This diff sets up the scaffolding to watch for grpc server disconnects, attempt to reconnect upon disconnect, and reload the handle when reconnection is successful. The next diff will implement the signal to Dagit that it needs to refresh it's client side state.
@dgibson will know better - but should the handle own these threads instead?
if we switch to poll instead of stream can maybe just repurpose Ping to also return server_id
yeah this feels like something that should be on GrpcServerRepositoryLocationHandle (could be a method on that handle if we don't want to do it in, for example, a CLI call). doesn't seem like something you'd expect to find in dagster-graphql though
i suspect the reason its here though is b/c it needs to call reload_repository_location on disconnect - but maybe that should be an event or something on the handle that you can subscribe to from the context?
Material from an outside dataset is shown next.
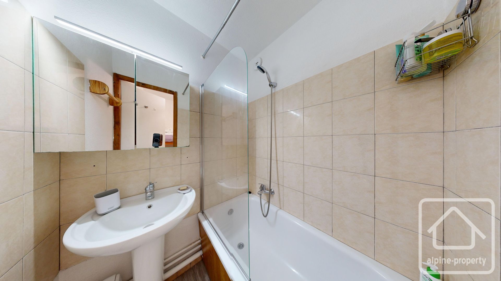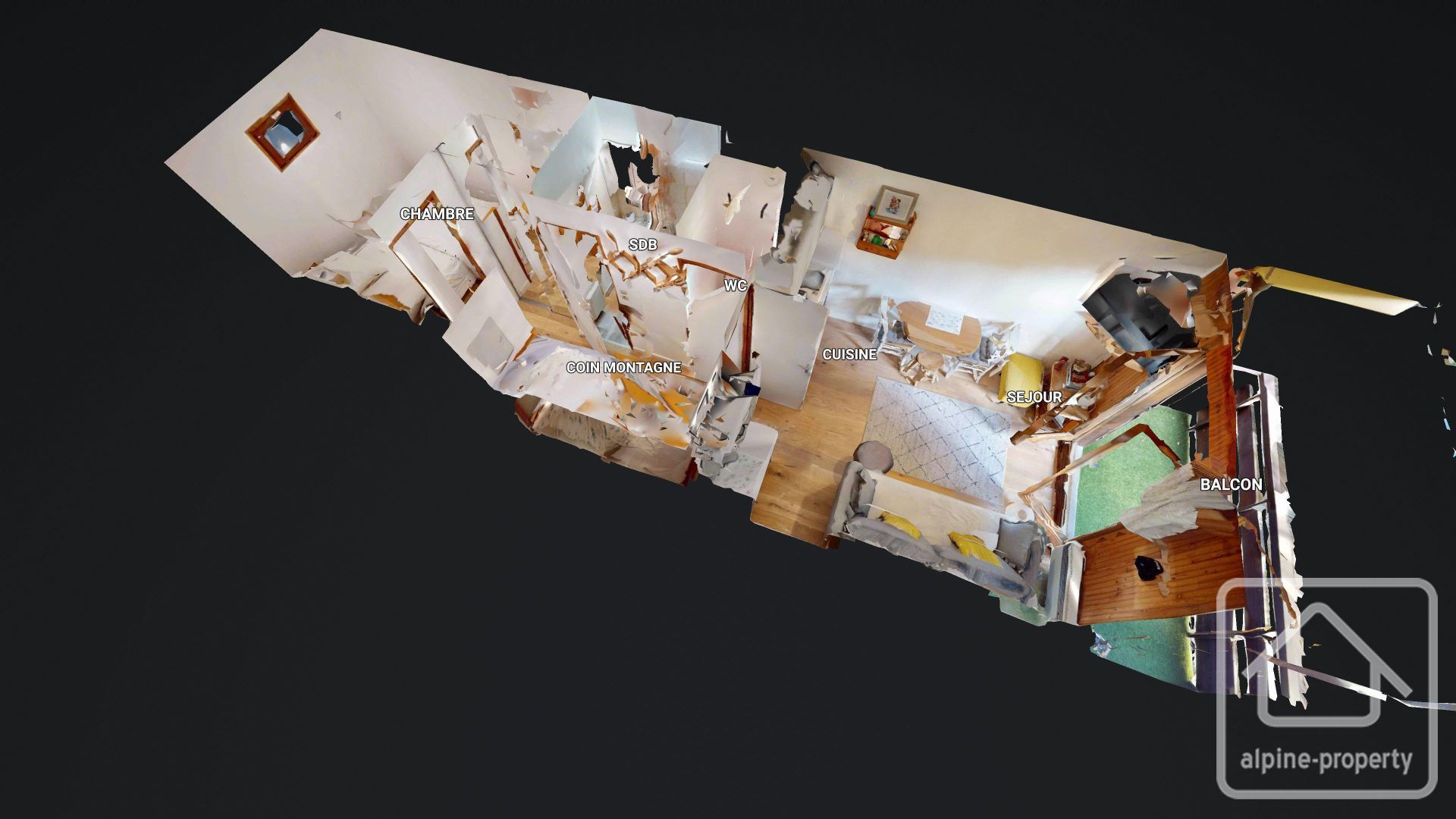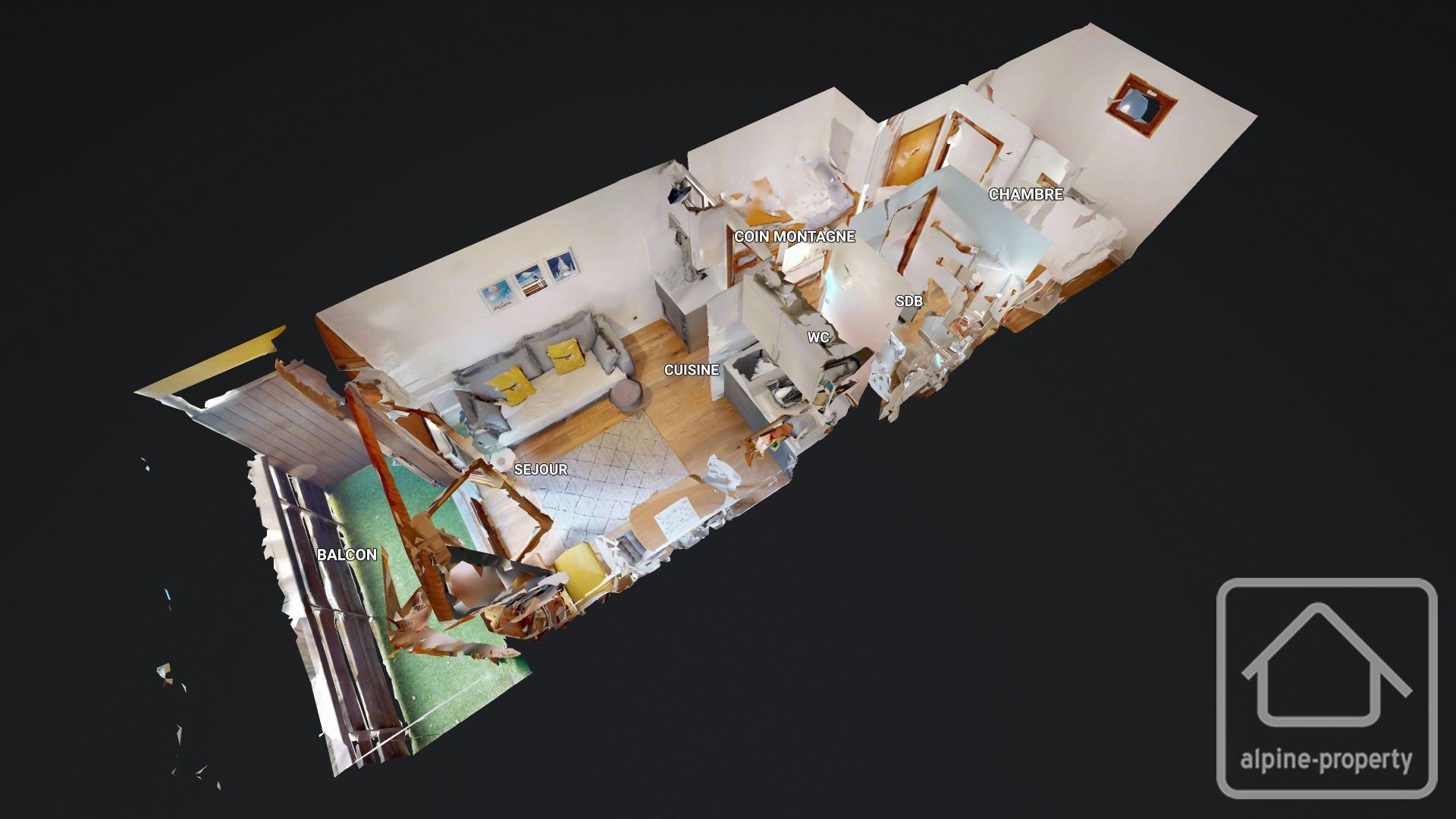 The apartment is in excellent condition throughout and compromises an entrance with bunk beds in the “coin montagne” sleeping area, open plan living/dining area with kitchenette and balcony with views of the village, a double bedroom, a bathroom and a separate toilet.

are we sure this isn't also useful for managed grpc handles? they can go down too, alex and I were just talking about that this morning: https://github.com/dagster-io/dagster/issues/3189
moving the thread logic to the handle will have the bonus of providing a place to clean up / join the threads during shutdown, since handles have a cleanup method
Yup that's exactly why. I originally had this on the handle itself, but I needed to thread through an object all the way to the handle to let us reload the handle on the workspace. I can put that version up again and we can talk through it.
I didn't realize that those could go down so easily – good call.
The logic would be a bit different though, since we can bring back managed grpc servers, but we expect unmanaged grpc servers to come back up themselves.